Many states are currently hurting due to the economic problems, we as a nation, are facing. One contributing factor to the financial hardships is due to the expanded prison systems. It is expensive both to build facilities and then run these facilities properly. Recently Federal judges ordered the State of California to release tens of thousands of inmates. California’s 33 prisons have become so overcrowded, according to the Court, they violate the constitutional rights of inmates by subjecting them to “cruel and unusual” punishment. Just over a third of the state’s 158,000 prisoners must be set free by 2012 to ensure that basic healthcare is provided to those who remain behind, the judges said.
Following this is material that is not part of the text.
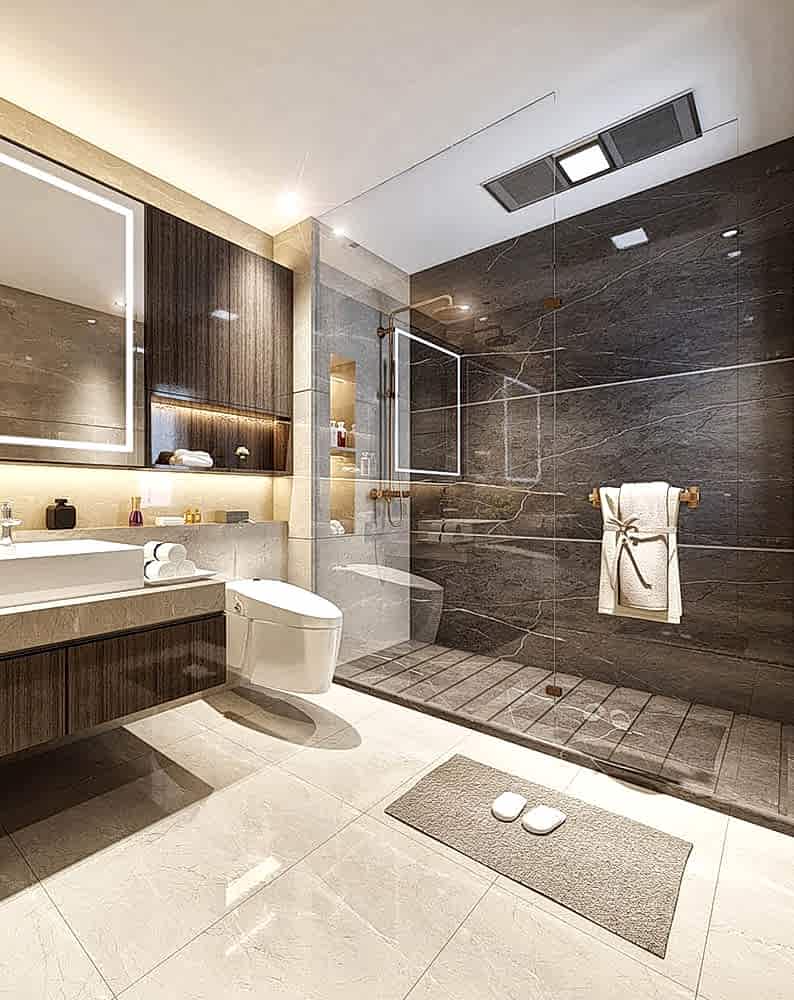 подходом. Если она достаточно маленькая, то в качестве декора лучше использовать светлые тона. Они зрительно увеличивают пространство. Дополнительно подойдут глянцевые материалы. Например, глянцевые натяжные потолки. Отличное решение для визуального увеличения пространства и для Pin Up от затопления. К тому же плитки не должны быть большими.

The prison crisis is not limited to California. Michigan, where Detroit has America’s highest murder rate, will release 4,000 prisoners who have served their minimum sentences. New Jersey, Carolina and Vermont are putting drug-addicted offenders into treatment rather than prison. Louisiana, which has one of the highest incarceration rates in the developed world, is hoping to reform a system that spends more on prisons than on higher education. Other states’ prison systems, such as Arizona, are so overcrowded that they are placing inmates in contract prisons outside the boundaries of Arizona. In many cases these inmates no longer get visits from families due to the travel and hotel costs. This creates a hardship not only for the inmate’s family and the inmate; it also makes it more difficult for the inmate to be reintegrated back into society at the end of his or her sentence.

convert this post to pdf.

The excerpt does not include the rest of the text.